Moloney prepares for pastures new after Glanbia
Cantillon: outgoing managing director’s legacy will be that he completely changed the direction of the business
Group managing director of Glanbia John Moloney expects to remain active in business through roles such as non-executive director at Greencore and DCC. Photograph: Frank Miller
Glanbia group managing director John Moloney is preparing for pastures new. Yesterday he presided over his last set of results for the food group, and was “very happy” with the company’s performance – although he was quick to add that while the firm is in a strong position at present, “there have been plenty of difficult times as well.
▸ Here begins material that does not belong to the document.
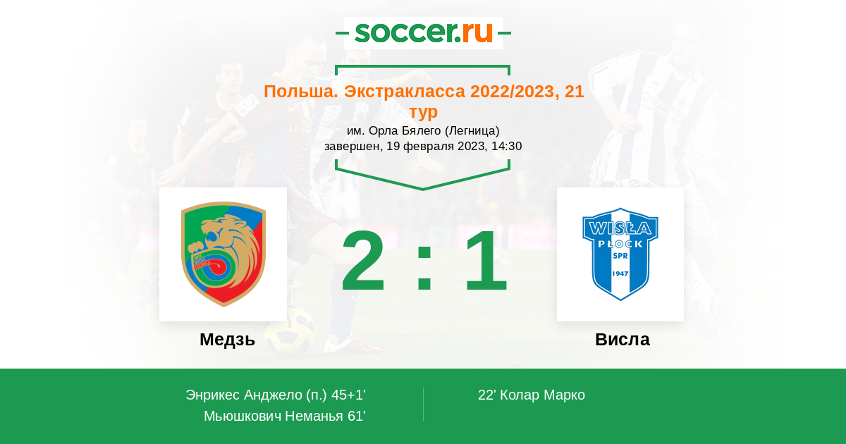 61' (2:1) Мьюшкович Неманья (25) (Матыня Губерт (3))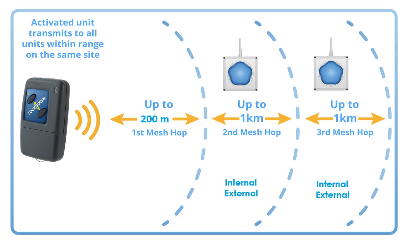 This compact remote trigger allows designated staff to raise a full wireless lockdown alarm from anywhere on site,

There has been a lot of change, and the company is quite different now.”
Not quite a lifer at Glanbia, Moloney joined the group from the Department of Agriculture in 1987. And for Goodbody analyst Liam Igoe, the Glanbia chief’s tenure at the food firm is “a text-book case of how to go about turning around a troubled business”.
Recalling how the group was in a “mire” after the initial merger between Avonmore Foods and Waterfood Foods in 1997, Igoe says it was facing in the wrong direction, expanding aggressively into international dairy commodity markets.
Moloney’s legacy will be that he managed to completely change the direction of the business, rolling back on some of the mistakes that had been made and refocusing the business on areas such as performance nutrition.
“That became the new focus. It took a long time to convert that idea into a workable business model, but slowly and surely it happened.
“And it has gathered greater momentum over the past half dozen years,” says Igoe.
Moloney will formally step down from his role as managing director this December and will hand over the reins to finance director Siobhán Talbot, a year earlier than expected.
For Moloney, the move is about effecting a “rebalance” in his life, but he expects to remain active in business through roles such as non-executive director at Greencore and DCC.
When is a housing recovery real?
Nobody (one hopes) wants to talk up residential property prices to dangerous, cliff-falling-off levels again but it seems to be undeniable that a little bit of a revival is occurring in the housing market, in Dublin at least. Depending on where you stand in the great merry-go-round, Tuesday’s figures could either be very good or very bad news. At the extremes, they will generate guarded optimism for the thousands of homeowners trapped in negative equity, while for the unquantified hordes (or maybe not) of house-hunters, they may be the source of panic.
The CSO found that residential prices climbed for the fourth month in a row in July and are now 2.3 per cent higher than a year ago, although this average masks differing performances for houses and apartments and, more notably, for property in Dublin and outside.
Economists are sensibly hesitant to proclaim a bottom for the market, with Davy’s experts noting that the CSO’s reliance on mortgage-based purchases makes its data pool relatively small. The broker observes that last year, just 0.7 per cent of the State’s housing stock was “transacted” through mortgage lending and says a more “normalised” level would be close to 3 per cent. Cash buyers, furthermore, accounted for about half of purchases in the second quarter of this year – hardly a sustainable position.